Infertility: Based on findings from animal studies, KRAZATI may impair fertility in females and males of reproductive potential.
Lactation

Advise not to breastfeed.
Please see U.S. Full Prescribing Information for KRAZATI

Bristol Myers Squibb: Creating a Better Future for People with Cancer

Bristol Myers Squibb is inspired by a single vision — transforming patients’ lives through science. The goal of the company’s cancer research is to deliver medicines that offer each patient a better, healthier life and to make cure a possibility.
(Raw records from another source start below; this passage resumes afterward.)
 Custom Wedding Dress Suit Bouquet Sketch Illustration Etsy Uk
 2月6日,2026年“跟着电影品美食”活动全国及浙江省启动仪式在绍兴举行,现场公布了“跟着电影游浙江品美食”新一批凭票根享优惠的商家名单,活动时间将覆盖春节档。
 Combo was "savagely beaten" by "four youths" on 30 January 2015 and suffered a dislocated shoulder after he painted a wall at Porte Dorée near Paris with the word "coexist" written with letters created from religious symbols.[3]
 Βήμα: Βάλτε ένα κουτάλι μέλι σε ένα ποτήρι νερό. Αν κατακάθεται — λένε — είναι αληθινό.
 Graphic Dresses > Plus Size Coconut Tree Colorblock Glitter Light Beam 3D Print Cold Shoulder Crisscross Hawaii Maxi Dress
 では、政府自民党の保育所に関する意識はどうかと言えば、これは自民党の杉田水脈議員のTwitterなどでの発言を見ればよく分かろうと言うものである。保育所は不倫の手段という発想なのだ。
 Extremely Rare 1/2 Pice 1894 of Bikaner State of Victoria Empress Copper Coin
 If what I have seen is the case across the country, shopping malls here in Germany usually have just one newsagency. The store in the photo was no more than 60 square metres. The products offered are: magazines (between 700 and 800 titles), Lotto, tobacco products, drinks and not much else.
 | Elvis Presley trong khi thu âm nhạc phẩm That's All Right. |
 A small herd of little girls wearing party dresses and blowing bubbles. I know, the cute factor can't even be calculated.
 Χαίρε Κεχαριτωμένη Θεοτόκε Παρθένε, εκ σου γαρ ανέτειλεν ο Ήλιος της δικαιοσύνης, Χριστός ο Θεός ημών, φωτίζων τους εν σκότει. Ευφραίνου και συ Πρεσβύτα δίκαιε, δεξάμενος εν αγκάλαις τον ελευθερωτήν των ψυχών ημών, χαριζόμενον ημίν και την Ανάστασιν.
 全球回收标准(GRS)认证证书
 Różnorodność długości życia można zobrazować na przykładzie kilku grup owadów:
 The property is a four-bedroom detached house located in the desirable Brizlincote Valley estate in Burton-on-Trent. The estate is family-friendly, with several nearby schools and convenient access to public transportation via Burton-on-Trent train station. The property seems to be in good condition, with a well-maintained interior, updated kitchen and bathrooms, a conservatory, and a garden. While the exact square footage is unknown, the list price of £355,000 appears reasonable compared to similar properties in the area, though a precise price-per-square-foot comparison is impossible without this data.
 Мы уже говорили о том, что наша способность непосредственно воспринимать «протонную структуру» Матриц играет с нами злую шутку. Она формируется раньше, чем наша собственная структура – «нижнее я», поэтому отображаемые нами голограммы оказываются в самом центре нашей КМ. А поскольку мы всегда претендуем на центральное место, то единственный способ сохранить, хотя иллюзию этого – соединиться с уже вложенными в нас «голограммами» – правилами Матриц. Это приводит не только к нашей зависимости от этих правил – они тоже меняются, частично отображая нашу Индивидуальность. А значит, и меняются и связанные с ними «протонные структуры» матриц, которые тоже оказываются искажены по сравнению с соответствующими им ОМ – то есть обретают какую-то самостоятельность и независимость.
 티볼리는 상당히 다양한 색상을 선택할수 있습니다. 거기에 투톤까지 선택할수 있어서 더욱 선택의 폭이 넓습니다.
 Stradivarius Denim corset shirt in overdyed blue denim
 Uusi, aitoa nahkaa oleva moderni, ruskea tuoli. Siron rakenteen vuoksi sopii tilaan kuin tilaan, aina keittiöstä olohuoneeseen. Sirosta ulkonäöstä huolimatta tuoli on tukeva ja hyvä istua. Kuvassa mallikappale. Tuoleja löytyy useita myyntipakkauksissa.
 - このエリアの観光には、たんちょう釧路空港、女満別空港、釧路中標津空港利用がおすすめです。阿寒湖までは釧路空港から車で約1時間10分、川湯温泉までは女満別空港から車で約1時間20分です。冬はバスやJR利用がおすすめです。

Building on a legacy across a broad range of cancers that have changed survival expectations for many, Bristol Myers Squibb researchers are exploring new frontiers in personalized medicine and, through innovative digital platforms, are turning data into insights that sharpen their focus. Deep understanding of causal human biology, cutting-edge capabilities and differentiated research platforms uniquely position the company to approach cancer from every angle.

Cancer can have a relentless grasp on many parts of a patient’s life, and Bristol Myers Squibb is committed to taking actions to address all aspects of care, from diagnosis to survivorship. As a leader in cancer care, Bristol Myers Squibb is working to empower all people with cancer to have a better future.